BACKGROUND: The Institute of Medicine and American Nurses Credentialing Center called for 80% of RNs to be educated with a minimum of a BSN. CNEs have a key role in achieving that goal.

 

METHODS: An electronic survey was administered in fall 2013. Fifty-two Kentucky CNEs responded.

 

RESULTS: No hospitals in Kentucky met the BSN target. Sixty-two percent of CNEs planned to achieve 80% BSN nurses by 2020. Teaching status, hiring preferences, goals for increasing percentage of BSN nurses, and processes to facilitate advancement of nurses prepared at the associate degree level were associated with pursuit or achievement of Pathway to Excellence(R) or Magnet(R) designation.

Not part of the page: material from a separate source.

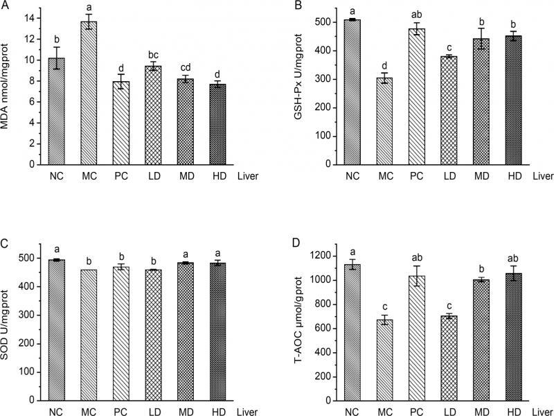 Effect of L. fermentum JX306 on GSH-Px, SOD, T-AOC activities, and MDA concentration in the liver of mice with oxidative stress induced by D-galactose. (A) MDA; (B) GSH-Px; (C) SOD; (D) T-AOC. All data are presented as mean ± SD (n = 3). Bars with different letters were significantly different (p < 0.05).

In addition to policies to support increasing educational levels, incentives offered included tuition reimbursement, career advancement, time off, and academic partnerships.

 

CONCLUSION: Increasing the proportion of BSN-prepared nurses should be a priority for CNEs. Strategies to facilitate that goal are explored. From these data, a large number of CNEs (38%) do not have a goal to achieve the recommended levels of BSN nurses. Further education and support in the rural hospitals in Kentucky are indicated to support this recommendation.